Répertoire national/Vol 1/La Harpe

Collectif
Texte établi par J. Huston, Imprimerie de Lovell et Gibson (Volume 1p. 236-237).

1834.

LA HARPE.

Harpe divine, ô source d’harmonie,
Répète encor tes chants mélodieux.
Et toi qui d’Apollon partage le génie,
Élève aussi ta voix qui sut charmer les Dieux.
        Mais déjà la corde soupire,
        L’on dirait un souffle du soir,
        Ou le murmure de Zéphire,
        Dans les créneaux d’un vieux manoir.

        Silence ! un chant — La harpe recommence ;
        L’amour prélude à ses divins accords ;
Émilie a repris le fil de sa romance,
Jamais plus doux concert n’embrasa nos transports.
        Ah ! que ne puis-je en traits de flamme
        Graver en moi ces doux accents,
        Et nourrir longtemps dans mon âme
        Le charme secret de mes sens !

        Que ces doux sons expriment bien l’ivresse
        De deux amants qui, près d’un jeune ormeau,
Interrogent leurs yeux qu’adoucit la tendresse,
Et jurent de s’aimer jusque dans le tombeau.
        Ô harpe qui te fait sourire ?
        Eugène volait un baiser
        De son amante qui soupire
        Et qui n’osa le refuser.

        Je vis alors son front où l’innocence
        Avait laissé sa couronne de fleurs,
Plus rouge qu’une rose accuser l’imprudence
De l’amant qui déjà flétrissait leurs couleurs.
        Mais quel nouvel écho résonne,
        C’est le chant de nos vieux soldats ;
        Et comme la foudre qui tonne
        La corde redit leurs combats.

        Là bas paraît le guerrier sur l’arène ;
        Un noir panache ombrage son coursier.
Le glaive dans sa main brille au loin sur la plaine,
Le soleil enflammaient ses vêtements d’acier.
        L’airain sonne dans la carrière :
        Soudain volent les escadrons ;
        Au milieu des flots de poussière
        Le fer retentit sur les monts.

        Victoire ! a dit la harpe glorieuse,
        Et ses accords devinrent plus bruyants.
Pour s’éloigner bientôt sur la plaine poudreuse,
Et suivre des vaincus les bataillons fuyants.
        Car déjà la chanson guerrière
        Était à son dernier refrain,
        Lorsque la brise printanière
        Des ondes effleura le sein.

        La fibre d’or imitant son langage,
        Du vieux pécheur commença les chansons,
Et les échos lointains dont murmurait la plage
Semblaient en soupirant renouveler ses sons.
        Ainsi du poétique délire
        La harpe, aimant les doux accords,
        Chante ou sourit, gronde ou soupire,
        Toujours fidèle à nos transports.

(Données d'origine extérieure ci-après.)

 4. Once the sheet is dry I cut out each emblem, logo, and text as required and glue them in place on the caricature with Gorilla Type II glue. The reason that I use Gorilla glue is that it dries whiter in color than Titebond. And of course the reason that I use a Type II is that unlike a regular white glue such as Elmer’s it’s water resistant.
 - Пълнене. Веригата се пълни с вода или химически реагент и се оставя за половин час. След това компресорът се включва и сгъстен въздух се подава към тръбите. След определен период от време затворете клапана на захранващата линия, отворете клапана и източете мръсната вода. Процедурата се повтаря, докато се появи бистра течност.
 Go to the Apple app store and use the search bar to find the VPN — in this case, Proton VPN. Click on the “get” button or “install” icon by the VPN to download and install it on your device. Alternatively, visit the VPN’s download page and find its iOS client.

        Jadis David répétait avec elle
        Ces chants sacrés révérés des chrétiens ;
Et l’aurore souvent en suspendant son aile,
Écoutait leurs concerts des monts iduméens.
        Au temple un jour j’ai cru l’entendre ;
        Mais ce n’était plus cette voix
        Dont l’écho frappant Alexandre,
        Lui fit suspendre ses exploits.

f. x. garneau.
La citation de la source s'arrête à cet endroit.